DIY again, fitting curved acrylic bath panel

Andywinds

Senior Member
Hi again, I don't really want to get the plumber back to do this work and so was looking online for some instructions to do this. I've found information on how to fit a flat panel but not a curved one. I do have some plastic fittings for this. do I still need to fit a piece of baton to the floor even if the curved section will not reach it?
 
stick some images up andy, I am sure all the diy nutters will be pleased to help ^_^
 

steve50

Disenchanted Member
Location
West Yorkshire
i would fit some batons at strategic points to stop the panel from moving should it get accidentally kicked , if the bath is fibreglass reinforced plastic i would also fit some T brace supports along the side of the bath to stop the bath side from flexing.
 
OP
Andywinds

Andywinds

Senior Member
i would fit some batons at strategic points to stop the panel from moving should it get accidentally kicked , if the bath is fibreglass reinforced plastic i would also fit some T brace supports along the side of the bath to stop the bath side from flexing.
ok, The bath is supposed to be extra strong reinforced acrylic. Will look at fitting some batons, thanks.
 

Bazzer

Setting the controls for the heart of the sun.
When screwed to the wooden blocks you can see under your bath rim, the pieces of plastic they become clips which hold the top edge of the side of the bath. You should have more of the plastic pieces than blocks under the bath rim. The surplus ones are fixed to the floor to create the same clips to hold the bottom of the side piece. Just make sure the clips are set directly below those on the bath, otherwise your side panel will not be vertical.
If the bottom edge of the bath side is the same as the top, i.e. you have a 90 degree lip, fitting additional blocks to the floor as an extra precaution of the side panel being kicked in might be difficult unless you make a cut out in the wood for the panel to fit under.
 

Levo-Lon

Guru
When i fitted mine i had the height correct and new lino flooring fitted so it goes 100mm under the panel before fitting the panel.
mine has a few blocks of wood on the floor to stop the panel moving inwards.
the clips go top and bottom if poss.
if you have a gap at the bottom that is unacceptable then you need to fit a wood or plastic plynth.
so if thats the case fit the panel so its fixed at the top and follow the curve and mark the floor with a marker so you can fit a wood or plastic plynth.
you will need to put a few cuts in the wood or plastic "almost all the way across" you may need a cut every 10mm to achieve this so it can bend to the shape.
or simply cut a few small blocks and work round the curve that way.
fill and paint after or use a mastic if plastic..but plastic wont rot and will be white.

hth
 

MrGrumpy

Huge Member
Location
Fly Fifer
Fitting mine was a monumental f up on my behalf, I also had to cut into both walls either end of bath to fit bath and panel. That was tricky as was tiling floor and wall, not my finest hour and would think long and hard next time ! Your one looks easier than mine, ours is crescent shaped if you like . You live and learn though and to be fair I did all the work including tap outs the wall etc. my neighbours got b&q bathroom and fitters and it has been one disaster after another and that is so called professionals!!
 
OP
Andywinds

Andywinds

Senior Member
All this sort of stuff is not hard it just takes experience, but then you could say that about a lot of things in DIY. My bath panel can fit up against the bath without any problems it's just knowing how and best to do it. My brother-in-law is a plumber and has probably done this before, but waiting for him to pull his finger out is a complete nightmare! I do have another plumber mate.
 
is the panel just slightly shorter than the height of the bath?

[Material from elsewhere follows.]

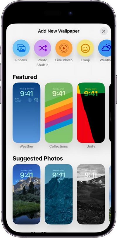 步驟 3.如果您想創建新的鎖定屏幕,請點擊顯示的壁紙選項之一,將其選為鎖定屏幕。如果您選擇“照片”或“照片隨機播放”,請參閱選項 2。

if so, fit some clips to the bottom horizontal edge and fix some batten to the floor that you can fit the other part of the clip to, these must align once the panel is in place, lift the panel into the underside of the bath, the timber pieces are there to locate the panel at the top, you should be able to lift it high enough to raise the bottom enough to overlap the clips, then drop the panel down.

a glass sucker would really help when handling the panel too.

best of luck.

ps, told you about the diy nutters
 
OP
Andywinds

Andywinds

Senior Member
Here is how it looks without any fittings. With all these excellent comments I think I might wait for someone that knows what they're doing, its frustrating that something that looks so simple can be a pain. I can't even find a YouTube clip, and everything is on YouTube!
 

Attachments

Very timely post from the OP as I'm about to move house, and a new bathroom likely on the agenda afterward. the moral for me is get a bath with straight panels. I could easily and inadvertantly made work for myself as the curved end for a shower but had seemed quite sensible, but I can see the snag now.
 

Globalti

Legendary Member
Our advice after having fitted a P shaped bath? Don't - go conventional. P shaped uses too much water on the rare occasions when you do want a bath.
 
OP
Andywinds

Andywinds

Senior Member
Our advice after having fitted a P shaped bath? Don't - go conventional. P shaped uses too much water on the rare occasions when you do want a bath.
That a very valid point. We've not used the bath yet but we've already established that this will take up a lot of water, does look nice though! It will be mainly used as a shower. Just couldn't afford to fit a separate shower unit in this bathroom.